Thoreau’s Walden: Economy

Published by Leif under Allgemein, Thoreau, progress, technology

I would like to discuss Thoreau’s approach to modern improvements and civilization in the chapter “Economy”. As we discussed in class, Thoreau seems to have a natural resistance against any kind of technological progress. He denounces the idea of faster communication in his statement abut the railroad and the telegraph. In his opinion, an increase in the trafficking of information is not an improvement, but rather a step backwards for mankind. As no-one hast to consider the message s/he wants to transport and the time it would take to do so anymore, communication would become dominated by meaningless chitchat. The fact that someone would have to undertake a journey of several hours, days or even weeks to give the designated recipient his or her message means that the time spent to achieve that aim has to be worth while the message. By taking away the way, the goal becomes meaningless.

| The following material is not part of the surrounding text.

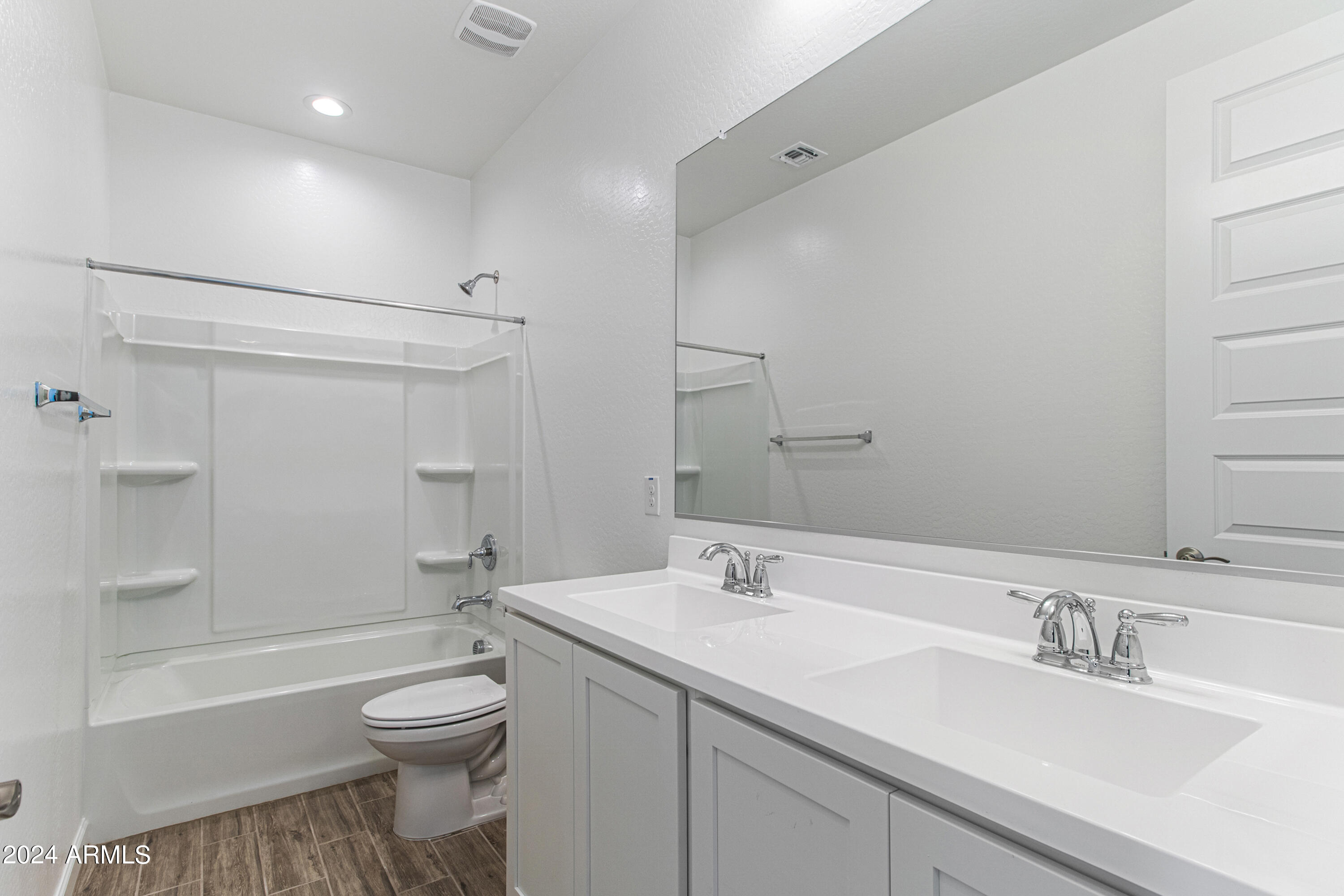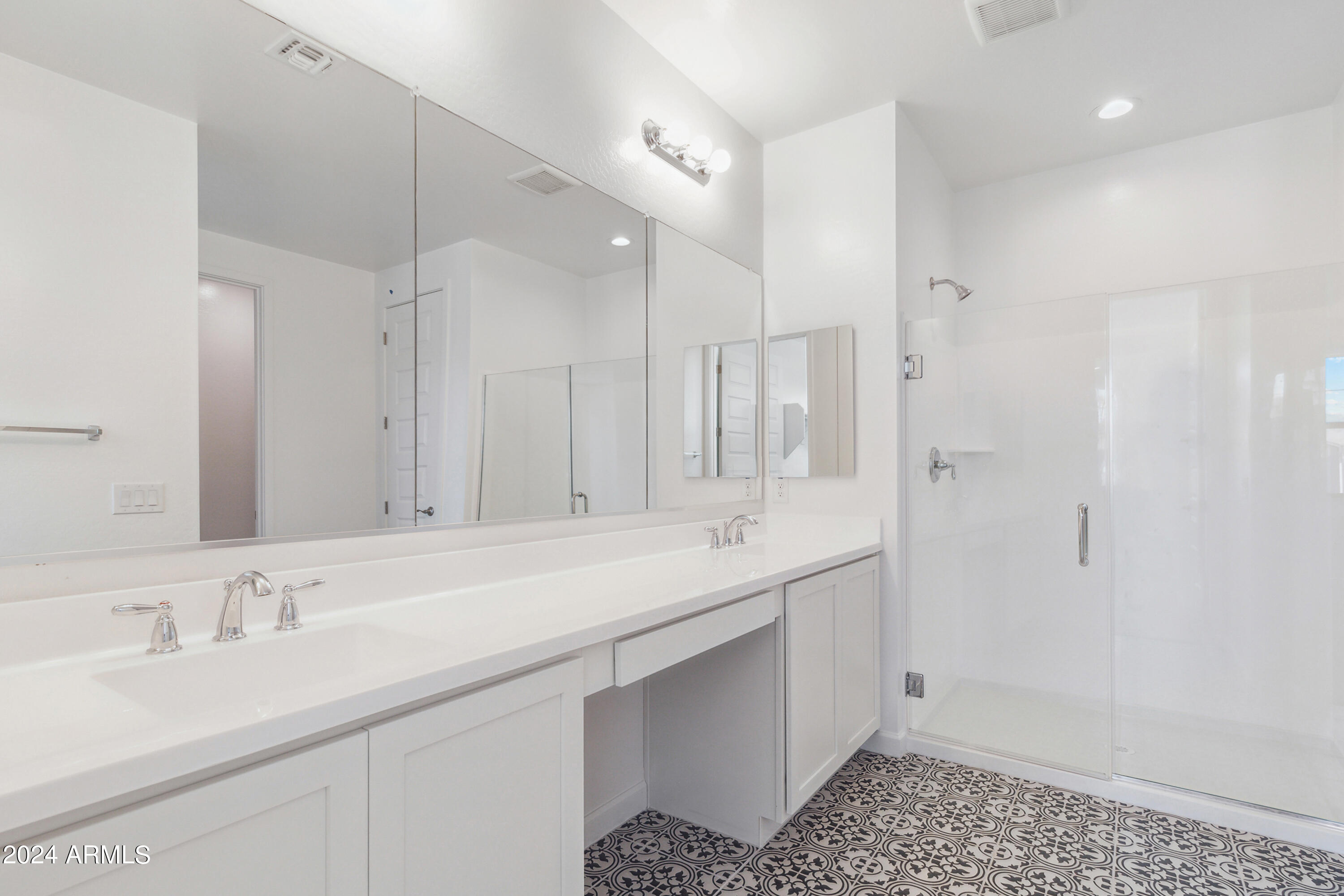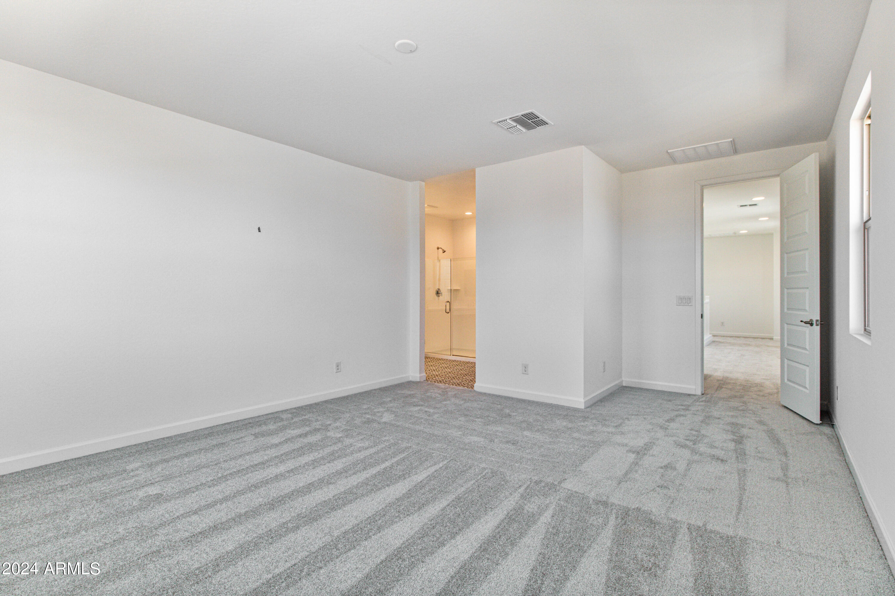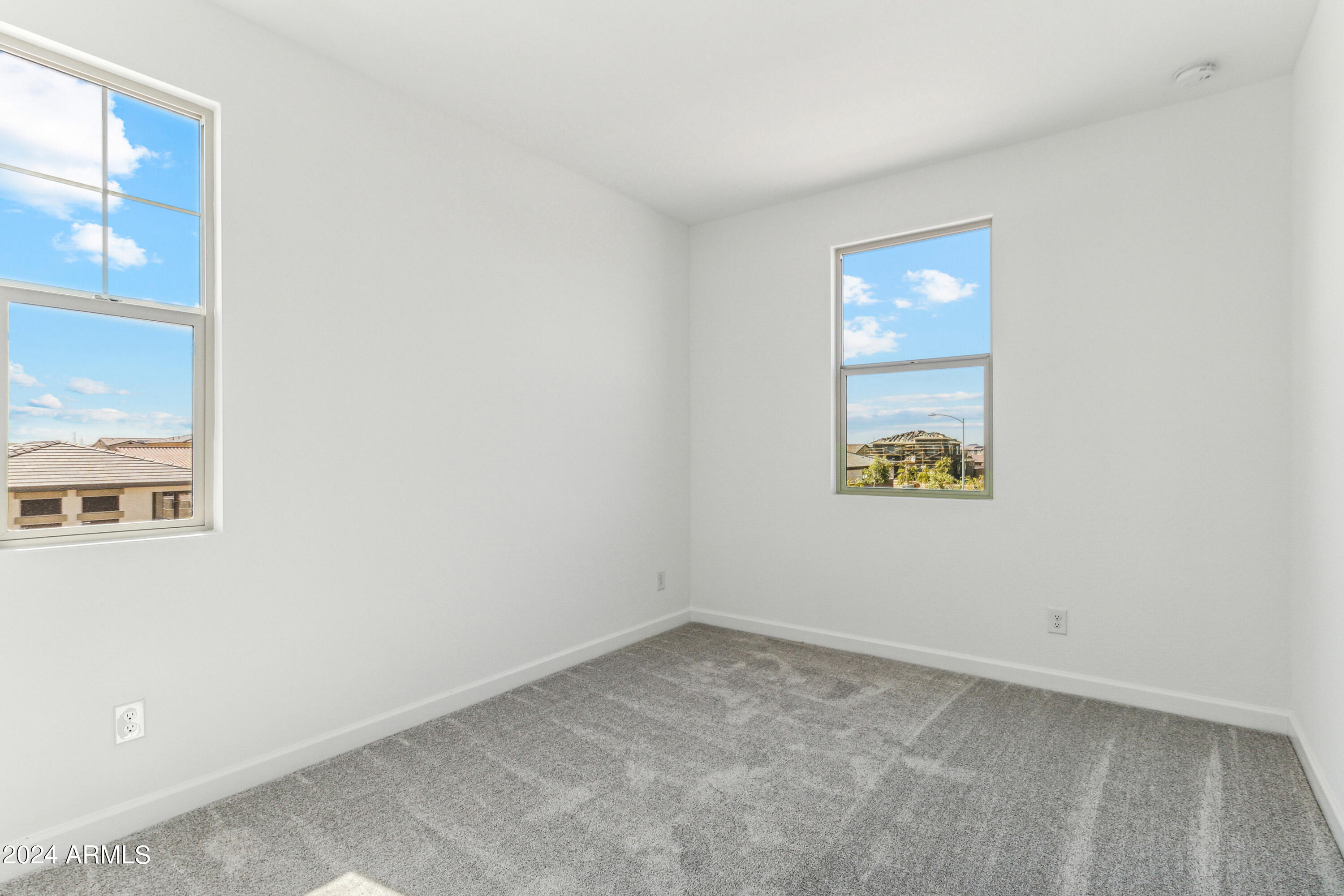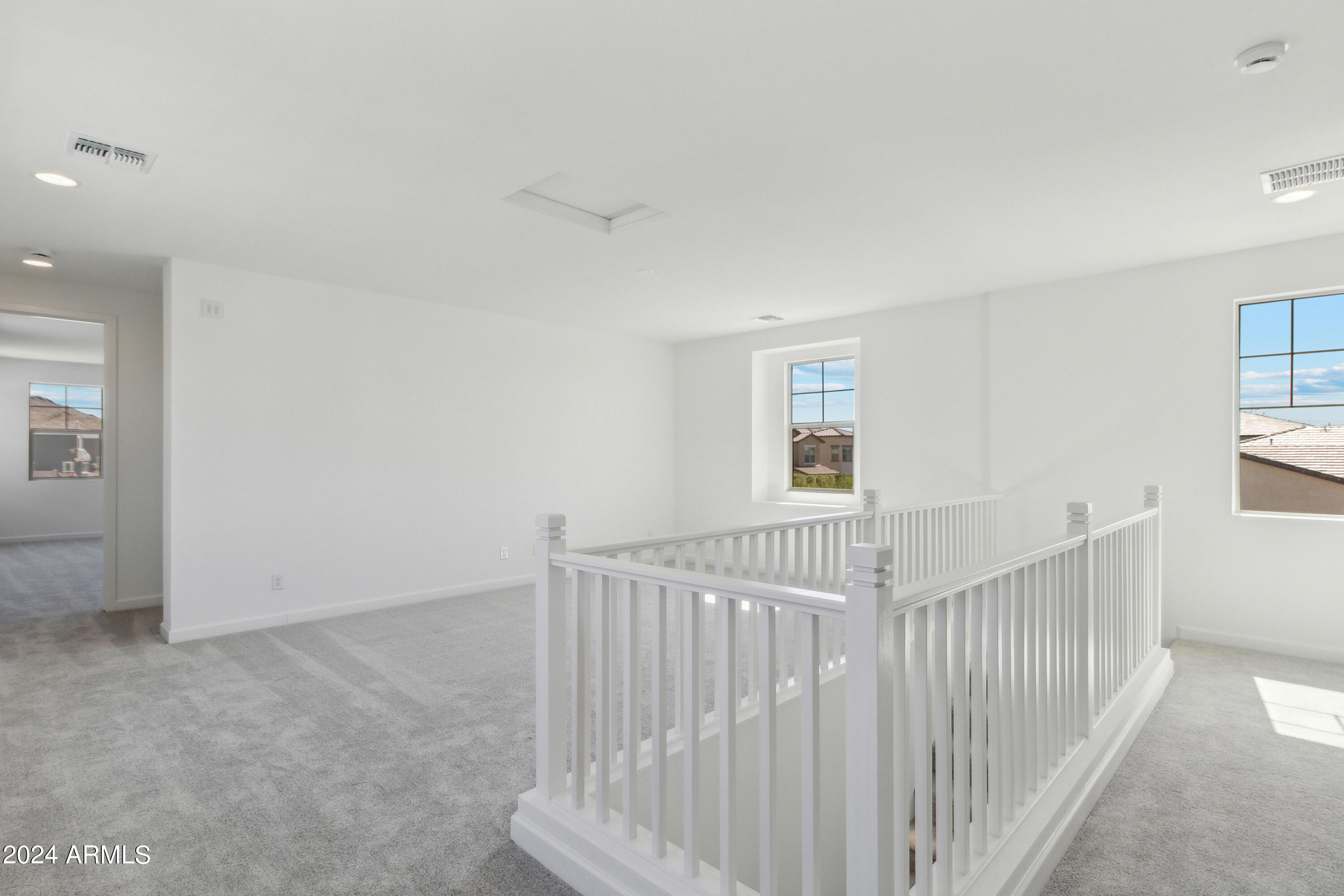 Tree-lined streets, pedestrian-friendly sidewalks and a 5,500 sf recreation center with resort style pool an kiddie pool, shaded ramadas, parks, gathering areas, pickelball courts and basketball. Close to I-10, 101 and 303. Walking distance to restaurants, movies, entertainment and shopping. This stunning two-story home is nestled on a spacious corner lot that includes a rare driveway, boasting farmhouse architecture that exudes charm and character. The professionally landscaped turf front yard and inviting pavered front porch create a warm and welcoming curb appeal. Step inside and be greeted by the open-concept living space, featuring 8' interior doors and square corner bead drywall. The great room is bathed in natural light thanks to the expansive 4-panel sliding glass door.

I agree with Thoreau to a certain degree, for most of the information exchanged on a daily basis is pointless in deeper meaning, yet necessary for social interaction. But that is not limited to conversations over distance. And Thoreau misses the usefulness of the increase in information technology and speed, whether it enables people to react faster to or be informed about important events. The problem about the technological improvements and the communications revolution is that it makes the world smaller, less mystic. I think that is Thoreau’s main concern, for the greatness and the distance of the American landscape are something that heavily influenced him in his perception of the world and life itself: more than one can grasp or control, yet very intense to experience. It bothers him that such a great area can be “conquered” by some meaningless words, passing through in seconds, without even taking a look at its majesty and accepting it greatness. To me the writing in “Economy” seems to be full of defiance for all that mankind prides itself in, especially technological progress, civilization and a general feeling of superiority towards fauna and flora.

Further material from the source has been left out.